Kevin Green, Chief Executive of the Recruitment & Employment Confederation comments on the figures:

"To see unemployment rise for the eighth month in a row is disappointing but not surprising as the first quarter of this year was always going to be difficult".

"However, we can look ahead with more optimism than in previous months. The feedback from recruitment professionals confirms that demand is increasing in some sectors.  At the same time, the latest REC/KPMG Report on Jobs showed some real glimmers of hope for the jobs market with an upturn in permanent placements for the first time in four months. This will hopefully be reflected in next month's employment figures.

"The fact that the number of job vacancies has risen to 476,000 confirms an urgent need to address the disconnect that currently exists between what employers are looking for and what jobseekers have to offer.”

On the part-time and flexible work issues, Kevin Green says:

“Increased flexibility in terms of working patterns is likely to be one of the lasting legacies of the economic downturn.
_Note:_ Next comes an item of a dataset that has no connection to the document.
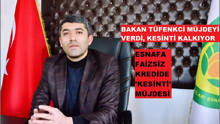 Hükümetin seçim öncesi beyanında bulunan esnafa 30 bin TL faizsiz kredi uygulamasında yapılan 3 bin 500 TL’lik kesintiler sona eriyor. Gümrük ve Ticaret Bakanı Bülent Tüfenkci, Malatya Minibüsçüler Esnaf Odası Başkanı Mesut İnce’yi arayarak kesintinin sona ereceği müjdesini verdi.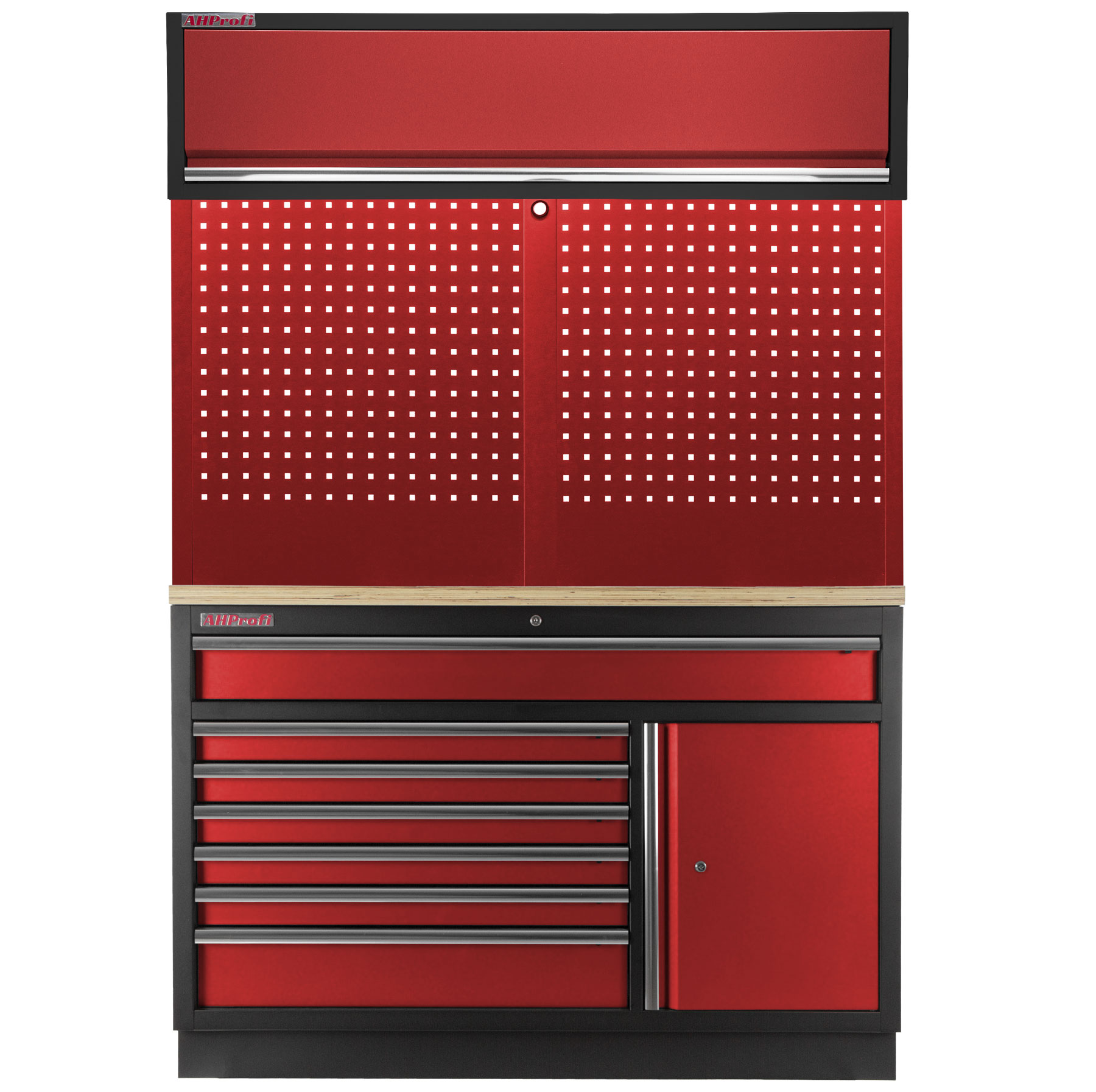 Spodní široká celokovová dílenská skříňka se 7 zásuvkami, skříňkou a dřevěnou pracovní deskou.

It’s important to make the distinction between under-employment and unemployment. Of course it is frustrating for people to be in part-time work if they are after a full-time role, but some work has to be better than no work. People in part-time work can avoid falling into the benefits trap by earning an income, keeping their skills fresh and making themselves more attractive to potential employers for when the right job comes along. People working flexibly is good news for them and the economy.

Alternatives, like the state training programmes suggested by the TUC to boost public sector employment, are not the solution for getting people into work and could result in higher rather than lower unemployment.

In contrast, flexible working is an immediate solution to unemployment and we encourage both jobseekers and employers to consider the potential of working this way – whether it’s through temporary, contract, freelance or part-time roles.”